На куске наволочки, который подали Дьяконовой, как раз была такая вышивка, и она узнала ее.
Тишина в зале стала тягостной, невыносимой. Тимка Вайс достал из кармана пачку папирос, вынул одну, зажал зубами. Другой рукой он потормошил сидящего рядом Костенко:
— Что здесь делается, Петро?
— Спокойно, Тимка, во всем разберутся… Спокойно!
— Смотри, Бейлис встал с места.
За деревянной перегородкой на цыпочках стоял Бейлис. Дрожащими руками он упирался в перила, чтобы лучше видеть и слышать, тянулся вперед.
— Ах, ах! — раздавалось с разных концов зала. Люди были просто ошеломлены показаниями свидетельницы.
— Выходит, этой наволочкой заткнули рот несчастному мальчику? — спросил Карабчевский.
— Этой, — ответила свидетельница.
Зал покачнулся в глазах у Бейлиса…
Возбужденный Тимка Вайс уже представлял себе, как Виппер, Замысловский и Шмаков закрывают лица руками от стыда. А подле примостился всполошенный петушок — Дурасевич, который поглаживает встрепанные волосы, и по лицу его стекает пот…
Но тут из кованого сундука вытащили продырявленный у края кусок бумаги, которую тоже нашли в пещере возле трупа Андрея Ющинского. Бумагу, наверно, потеряли те, кто втаскивал труп в пещеру. А возможно, бумага просто прилипла к подошвам кого-нибудь из убийц… Подали ее Дьяконовой.
Дьяконова взяла бумагу в руки, подняла к глазам и сказала:
— Да, это точно такая же бумага, на какой мы писали, когда играли в летучую почту у Веры Чеберяк.
Свидетельница рассказала, что еще до убийства Ющинского она приходила к Вере Чеберяк, в доме которой заставала Латышева, Рудзинского, Сингаевского, Мандзелевского и других. Они представлялись студентами, врачами, фельдшерами или чиновниками разных ведомств.

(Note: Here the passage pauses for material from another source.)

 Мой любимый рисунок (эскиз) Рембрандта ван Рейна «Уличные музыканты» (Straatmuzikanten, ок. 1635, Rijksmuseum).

Бумажка пошла по рукам и вернулась обратно к приставу, тот осторожно положил ее среди других немых свидетелей в углу сундука. Затем пристав достал из сундука пару мальчиковых ботинок и показал свидетельнице.

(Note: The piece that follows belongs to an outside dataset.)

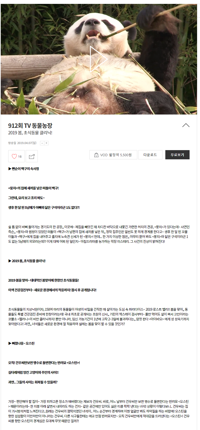 방송일 2019.04.07(일) - 912회 2019 봄, 초식동물 클리닉!

Екатерина Дьяконова рассказала, что когда-то видела эти ботинки на Андрее Ющинском, а после убийства — на ногах девочки Веры Чеберяк. Когда свидетельница Дьяконова как-то при встрече с Верой Чеберяк спросила, не Андрюшины ли это ботинки, Чеберяк побелела как мел и дрожащими губами пролепетала: «Ты с ума спятила, хочешь потопить меня и себя?»
На тут же проведенной очной ставке Чеберяк всячески отнекивалась, говорила, что ботинки принадлежали ее сыну Жене.
Председатель спросил у свидетельницы:
— Откуда вам известно, что ботинки эти Андрюши Ющинского, а не Жени Чеберяка?
— У Жени ботинки были на пуговицах, а у Андрюши — не резинке.
— Откуда вам известно, что у Жени были только одни ботинки?
— Вся улица знала, что у Жени были только одни ботинки.
Все увидели, как вскипела Вера Чеберяк. Ее глаза зло блеснули, на нижней губе показалась капля крови, которую она быстро вытерла платком.
Со скамьи, где сидели присяжные заседатели, поднялся старшина — человек плотный, с мясистым лицом и остроконечной бородкой. Обращаясь к председателю, он попросил вызвать из комнаты для свидетелей мать Ющинского и показать ей эти ботинки. Она точно скажет, говорит ли свидетельница правду.
Тут же Замысловский задал свидетельнице какой-то несуразный вопрос, и все поняли, что он это сделал нарочно, чтобы отвлечь ее внимание от ботинок.
— Каналья! — вырвалось у Тимки.
Настя Шишова услышала возглас Вайса. Она стала оглядываться по сторонам, строго посмотрела на Тимку, как бы говоря: «Тише, ты в своем ли уме, Тимка?»
Костенко незаметно потянул Тимку за рукав: если он будет так горячиться, оба они вынуждены будут уйти. Тимка кивнул: он возьмет себя в руки.
Тем временем появилась мать Ющинского — женщина лет сорока. Она напряженно смотрела на председателя, а тот предложил ей встать на свидетельское место напротив Дьяконовой.
Заметив в руках у пристава ботинки, она невольно потянулась к ним и пошатнулась: перед глазами ее предстал живой Андрюшка.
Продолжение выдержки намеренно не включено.